ВИКТОРИАНСКОЕ ПЕНТИМЕНТО[100]

 

Между написанием двух текстов, ныне известных как «Охотник Гракх: Фрагмент» и «Охотник Гракх», Кафка прочел роман Уилки Коллинза «Армадейл», печатавшийся в выпусках «Корнхилл Мэгэзин» с 1864 по 1866 год, когда он был издан и стяжал огромные успех и популярность. Немецкий перевод Мари Скотт (Лейпциг, 1866) до 1878 года выдержал три издания.

Наряду с «Женщиной в белом» (1860) и «Лунным камнем» (1868), «Армадейл» является шедевром со сложным переплетением мелодрамы, интриги и расследования, сделавших Коллинза столь же знаменитым и, на время — более знаменитым, чем его друг Диккенс.

Хотя в сюжете фигурирует корабль, взявший неверный курс и возникающий затем как полупризрачный остов, внезапный импульс, предопределяющий участь двух невинных людей (обоих зовут Аллен Армадейл), Кафка счел достаточно интересной для заимствования и преобразования именно начальную сцену романа. Коллинз снабдил Кафку зловещим прибытием больного с мертвенно-бледным лицом и спутанными волосами, следующего на носилках мимо повседневного оживления деревенской улицы — включая «летучие отряды пухлых белоголовых детей»[101]и мать с ребенком у груди — на встречу с бургомистром.

В своей сцене Коллинз описывает минеральный курорт в Шварцвальде[102](родной край Охотника Гракха во фрагменте). Оркестр у него играет вальс из «Der Freischiitz»[103]Вебера, должно быть, поразивший Кафку неожиданным совпадением. Среди архетипов Охотника Гракха — заколдованный меткий стрелок из этой оперы.

Преступное прошлое — вот что, по Коллинзу; нельзя похоронить. Умершее прошлое не исчезает. Кафка создает кристально прозрачный конспект коллинзовской фабулы, концентрируя его сущность в фигуре Гракха, его блуждающей барке, его фатуме и загадочном ощущении того, что мертвые, жившие и действовавшие, не почили.

Пожилой умирающий инвалид Коллинза — убийца. Он приехал на Вилдбадский курорт с молодой женой и ребенком. В свои последние мгновения он пишет признание, рассчитывая отвратить кару за свое преступление, дабы она не обратилась на его сына. «Армадейл» — повесть о тщете этой надежды.
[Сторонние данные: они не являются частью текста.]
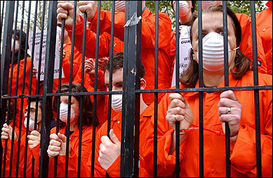 示威者扮成關(guān)塔那摩囚犯的模樣進行抗議。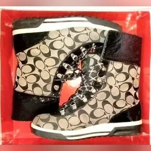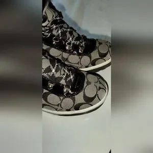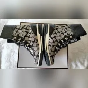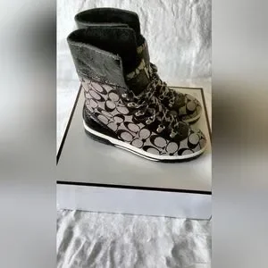 Coach Signature Patterned Black and Grey Tailor Hiking Boots Size 7.5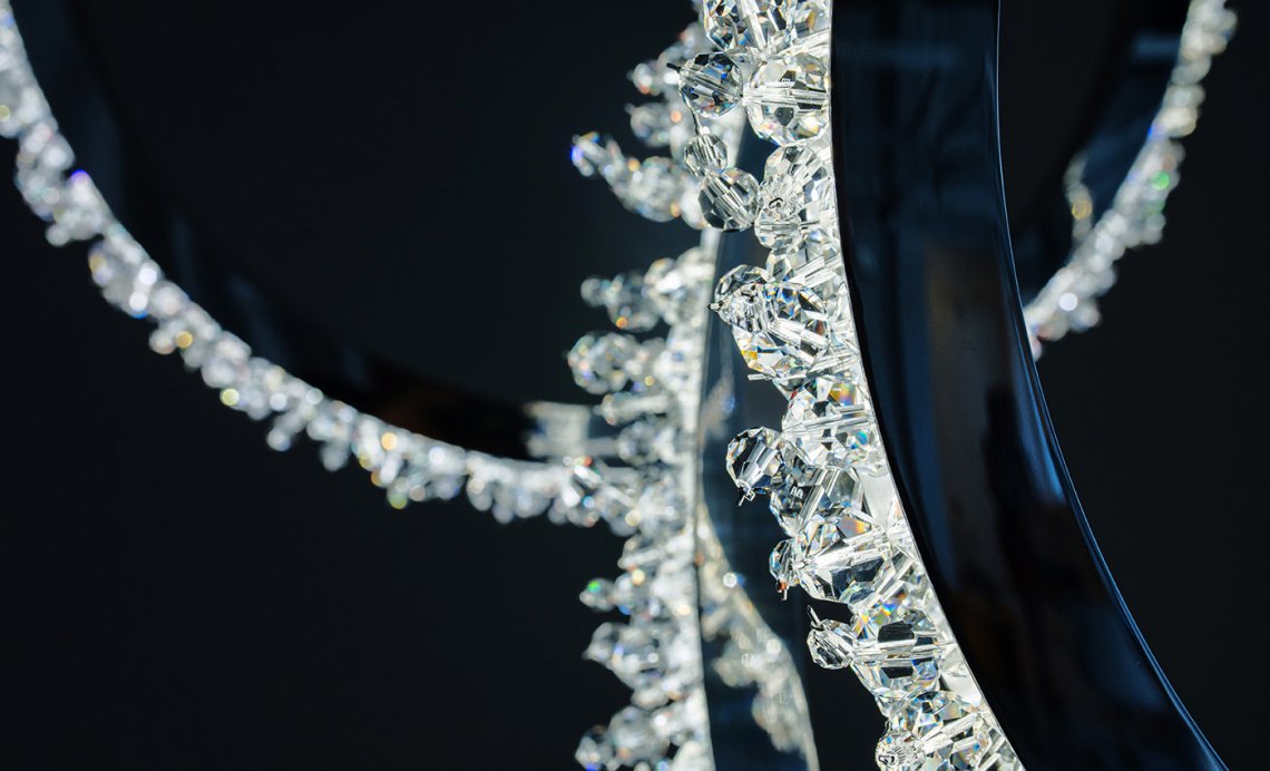 HALO 的設(shè)計(jì)旨在通過使用最少的物質(zhì)來保持明顯的通風(fēng),而不會(huì)影響質(zhì)量或呈現(xiàn)的效果。這件獨(dú)特的作品讓我們想起了光可以創(chuàng)造的卓越能力和現(xiàn)象。每一顆水晶都被精心組裝成細(xì)小的樹枝,像被霜覆蓋的光束一樣冒出來,將光線折射成成千上萬的火花。

Кафка, написав диалог между Гракхом и безличным собеседником, в тексте Коллинза нашел инсценировку. У Гракха должно быть прибытие, шествие в комнату, наделенный личностью собеседник и более сфокусированная роль человека-скитальца, над которым довлеет необъяснимое прошлое, где был взят неверный курс, вовек не исправимый.

 

ДЕ КИРИКО

 

Первый абзац «Охотника Гракха» изображает несуетное, меланхоличное затишье итальянских пьяцц, вызывавших восторг у Ницше и побудивших Джорджо де Кирико претворить восхищение Ницше итальянским светом, архитектурой и уличной жизнью в те картины, которые история искусства называет метафизическими. Своей загадочной тональностью де Кирико в равной степени обязан и Арнольду Бёклину (чья картина «Остров мертвых» — пейзаж удаленной от Ривы части озера). Бёклиновская романтизация тайны, темной погребальной красоты — в стиле декаданса, «момента Ницше».[104]Кафка, подобно де Кирико, сознавал эту новую меланхолию, воодушевившую европейское искусство и писательство от Скандинавии до Рима, от Лондона до Праги, и сам испытал ее влияние.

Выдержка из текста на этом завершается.